**ABOUT THIS EXERCISE**
Copy out the records precisely, omitting pictures.

DATA SUPPLIED START

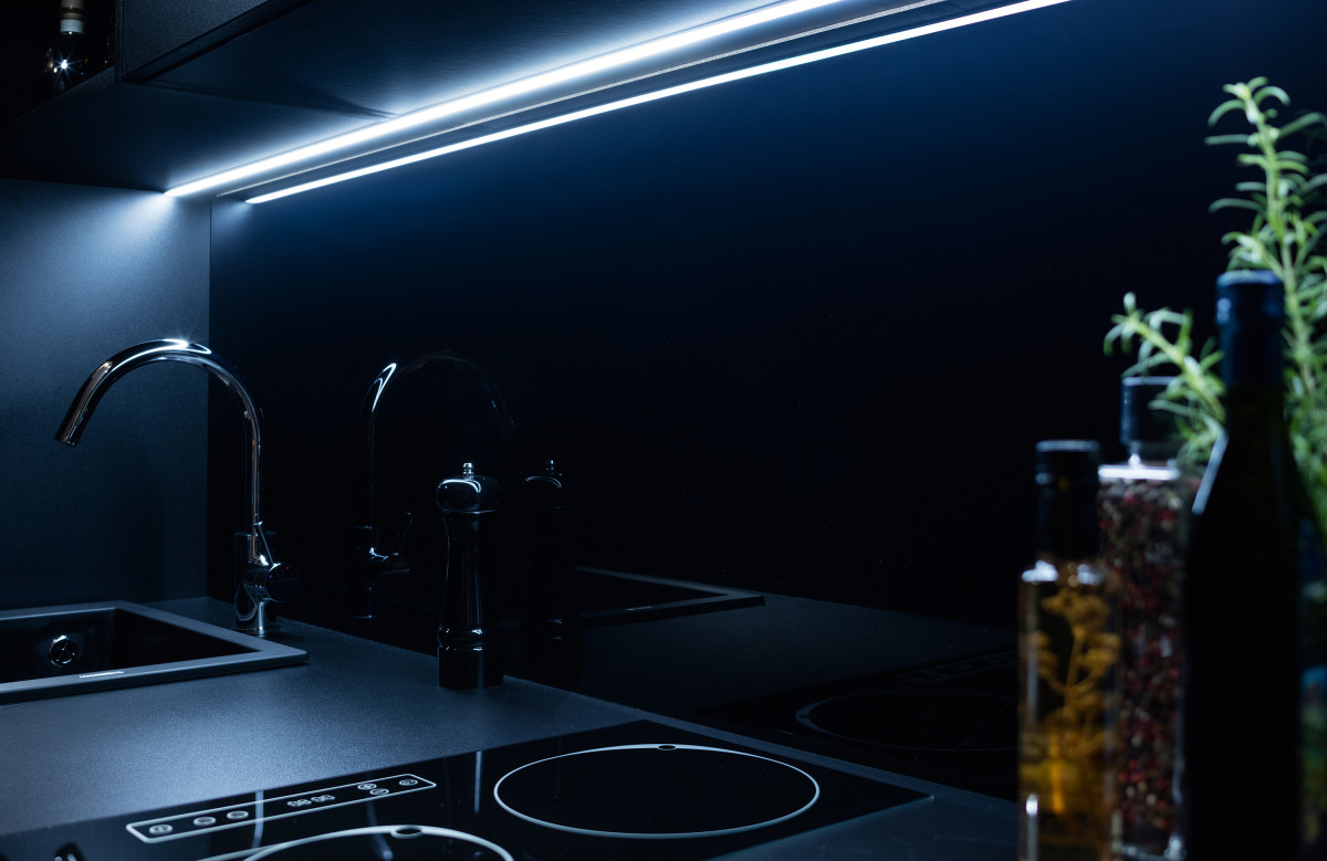 Domeną nowoczesnej kuchni jest spójność, dlatego najlepiej sprawdzą się w niej taśmy LED, które pozwalają uzyskać jedną linię światła. Są piękną dekoracją i pozwalają budować atmosferę. W kuchniach z ciemnymi meblami, które są i będą w modzie, nastrojowe światło to bohater pierwszoplanowy.
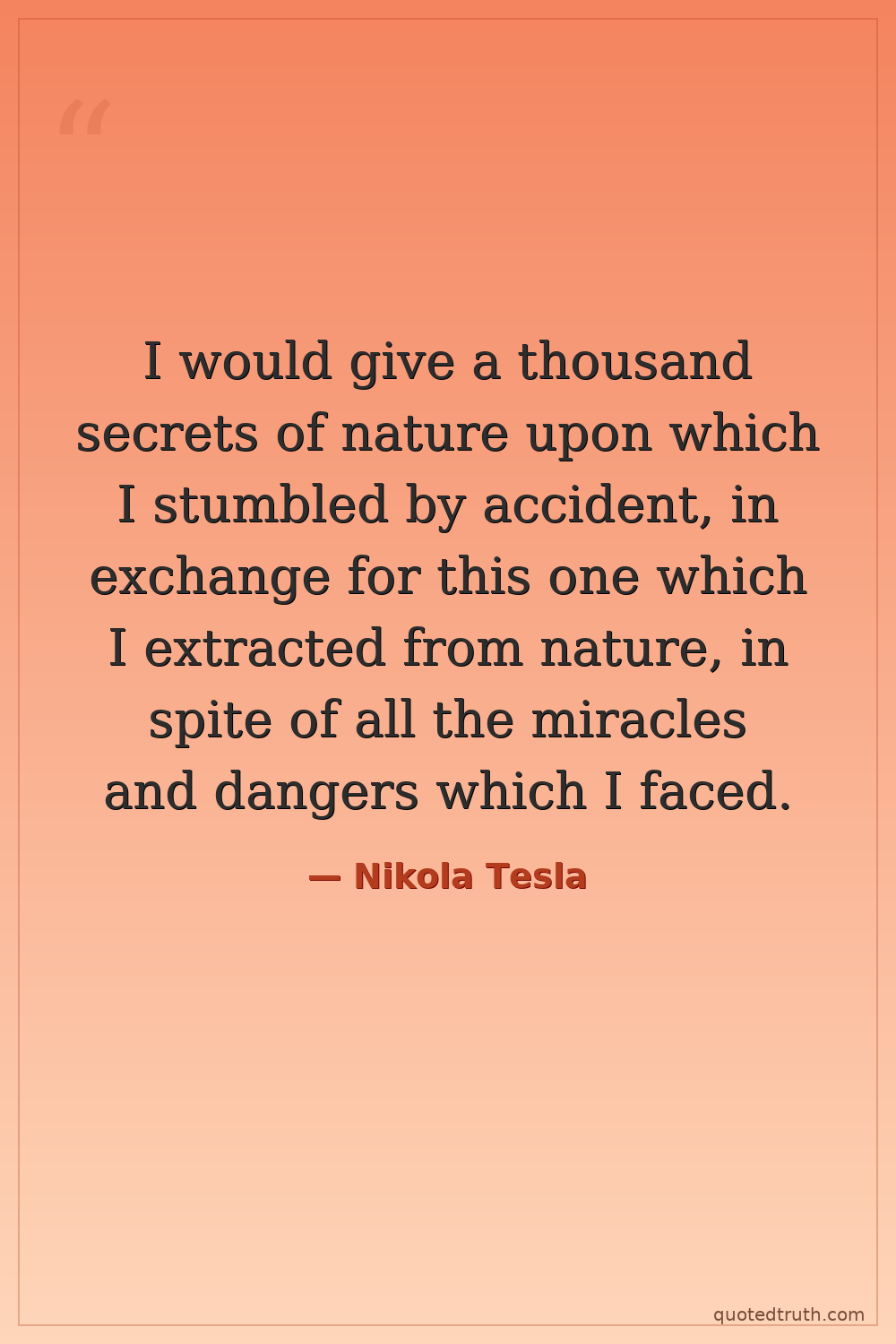 I would give a thousand secrets of nature upon which I stumbled by accident, in exchange for this one which I extracted from nature, in spite of all the miracles and dangers which I faced.
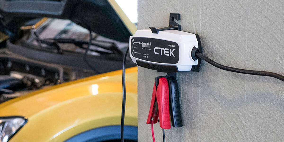 • CTEK väggfäste – kan väggmonteras eller hängas tillfälligt på krok.
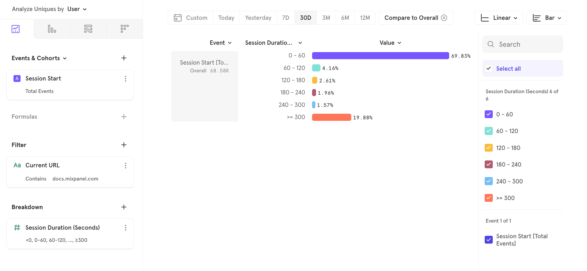 It looks like people spend ~5 minutes on average on our documentation site. Averages can hide skew, so we can also see a distribution by breaking down by the Session Duration property:
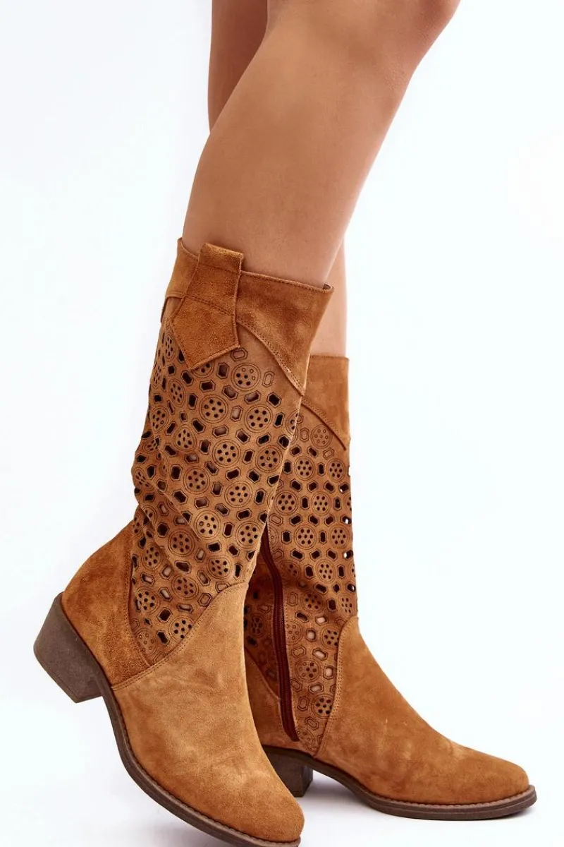 Kozaki damskie z cholewką do połowy łydki. Wykonane z naturalnego zamszu. Osadzone na niskim obcasie. Zapinane na suwak z boku. Noski w migdał. Usztywniony zapiętek. Skórzana wkładka zapewni komfort użytkowania obuwia. Ten modny model w ażurowy wzór wykorzystasz do wielu jesiennych stylizacji! Przy wyborze rozmiaru prosimy sugerować się tabelą rozmiarów.
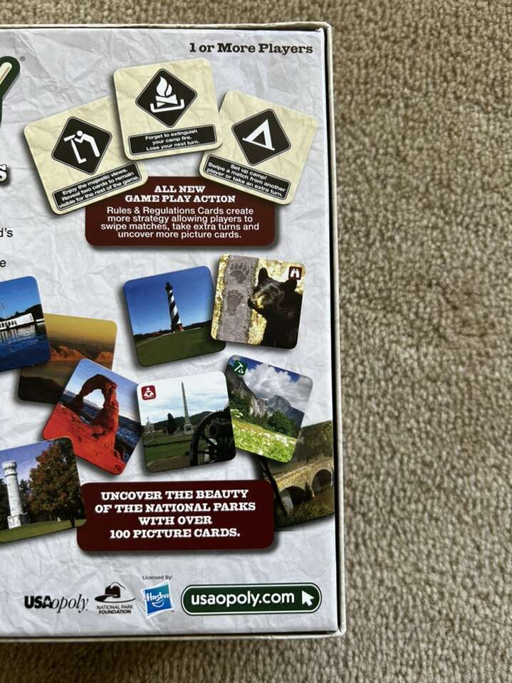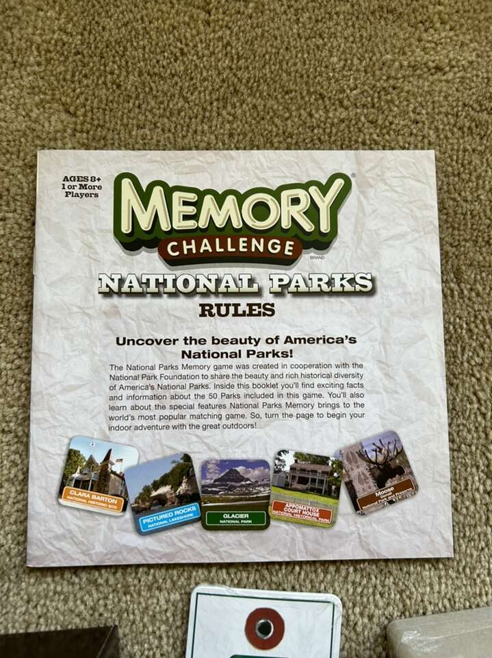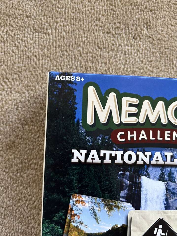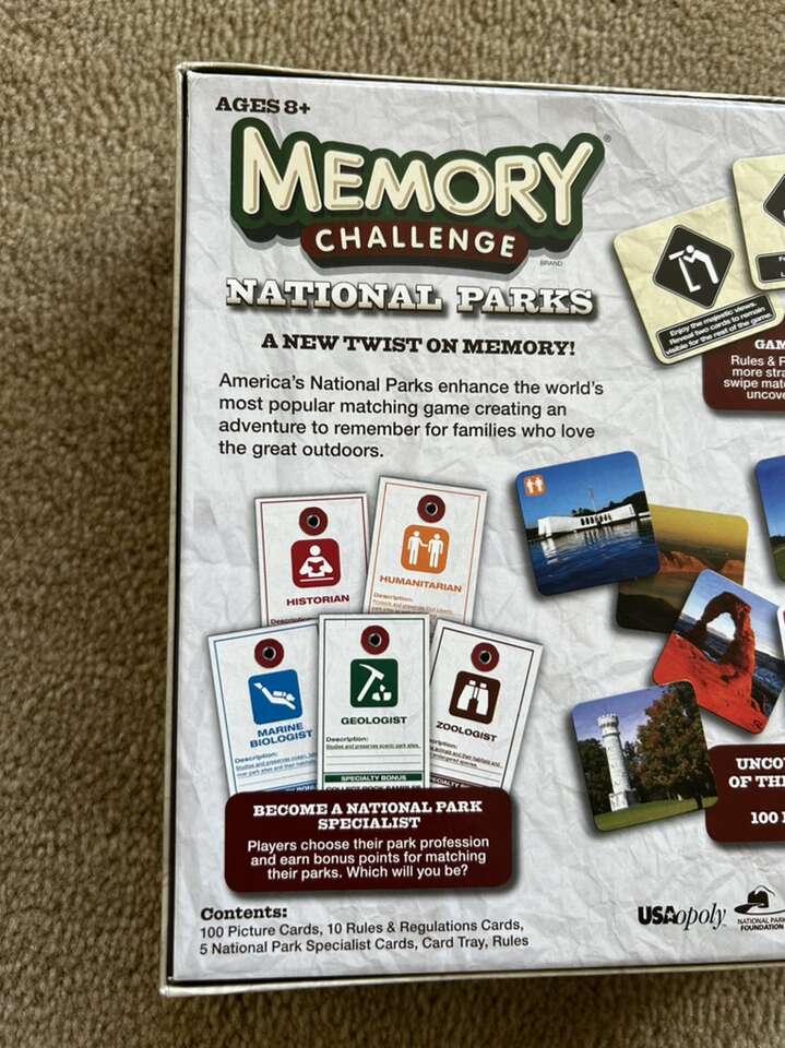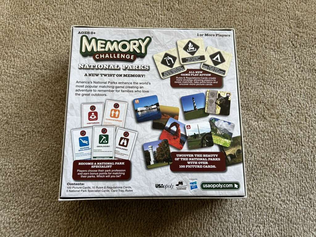NEW (open box, sealed components) Memory Challenge Game: National Parks edition of the classic game. New strategy and more fun! Ages 8+, 1 or more players. By USAopoly, Hasbro, 2011. New, unplayed condition (one box corner slightly worn). Text only. Cash or Venmo.

DATA SUPPLIED END

**ANSWER SECTION**
 Domeną nowoczesnej kuchni jest spójność, dlatego najlepiej sprawdzą się w niej taśmy LED, które pozwalają uzyskać jedną linię światła. Są piękną dekoracją i pozwalają budować atmosferę. W kuchniach z ciemnymi meblami, które są i będą w modzie, nastrojowe światło to bohater pierwszoplanowy.
 I would give a thousand secrets of nature upon which I stumbled by accident, in exchange for this one which I extracted from nature, in spite of all the miracles and dangers which I faced.
 • CTEK väggfäste – kan väggmonteras eller hängas tillfälligt på krok.
 It looks like people spend ~5 minutes on average on our documentation site. Averages can hide skew, so we can also see a distribution by breaking down by the Session Duration property:
 Kozaki damskie z cholewką do połowy łydki. Wykonane z naturalnego zamszu. Osadzone na niskim obcasie. Zapinane na suwak z boku. Noski w migdał. Usztywniony zapiętek. Skórzana wkładka zapewni komfort użytkowania obuwia. Ten modny model w ażurowy wzór wykorzystasz do wielu jesiennych stylizacji! Przy wyborze rozmiaru prosimy sugerować się tabelą rozmiarów.
NEW (open box, sealed components) Memory Challenge Game: National Parks edition of the classic game. New strategy and more fun! Ages 8+, 1 or more players. By USAopoly, Hasbro, 2011. New, unplayed condition (one box corner slightly worn). Text only. Cash or Venmo.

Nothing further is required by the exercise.